Adoniram Judson e os seis anos sem um convertido

12 de agosto de 20266 min de leitura

Adoniram Judson e os seis anos sem um convertido

“Não nos cansemos de fazer o bem, pois no tempo próprio colheremos.” — Gálatas 6.9

Adoniram Judson chegou à Birmânia em 1813 com a esposa Ann. Aprendeu uma língua sem gramática publicada, traduziu a Bíblia inteira e pregou ano após ano para ouvintes educados e indiferentes. O primeiro convertido só veio depois de seis anos.

Quando alguém lhe perguntou quais eram as perspectivas do trabalho, ele respondeu: “tão brilhantes quanto as promessas de Deus”. Não era otimismo — era teologia.

O preço foi alto.
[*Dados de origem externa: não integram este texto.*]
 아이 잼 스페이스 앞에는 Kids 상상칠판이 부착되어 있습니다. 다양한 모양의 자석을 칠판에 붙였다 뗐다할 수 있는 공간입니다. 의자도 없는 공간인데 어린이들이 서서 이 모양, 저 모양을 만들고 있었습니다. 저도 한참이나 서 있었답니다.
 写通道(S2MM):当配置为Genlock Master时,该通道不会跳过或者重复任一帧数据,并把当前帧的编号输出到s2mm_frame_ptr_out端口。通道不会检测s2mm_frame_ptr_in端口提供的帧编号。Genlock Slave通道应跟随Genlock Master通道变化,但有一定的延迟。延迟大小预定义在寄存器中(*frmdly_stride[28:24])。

Judson passou quase dois anos preso, acorrentado, na prisão de Ava. Ann levava comida escondida e escondeu o manuscrito da tradução dentro de um travesseiro sujo para que os guardas não o destruíssem. Ela morreu pouco depois de sua libertação. Ele enterrou esposas e filhos naquele solo.
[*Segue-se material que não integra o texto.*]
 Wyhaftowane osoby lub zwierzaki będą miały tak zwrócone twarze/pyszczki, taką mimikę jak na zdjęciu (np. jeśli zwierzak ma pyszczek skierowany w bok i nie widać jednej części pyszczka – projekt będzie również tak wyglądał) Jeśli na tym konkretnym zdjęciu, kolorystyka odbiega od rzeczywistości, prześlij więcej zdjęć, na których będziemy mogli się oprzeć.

Hoje, a igreja em Mianmar conta milhões de cristãos, e o nome Judson ainda aparece em seminários e hinos daquele povo. O homem não viu a colheita; ele apenas arou.

Se você está em uma temporada de arar — orando pelo cônjuge, pelo filho, por uma célula que não cresce, por um ministério que parece parado — lembre-se: fidelidade não se mede pelo relógio da nossa impaciência, mas pelas promessas de Deus.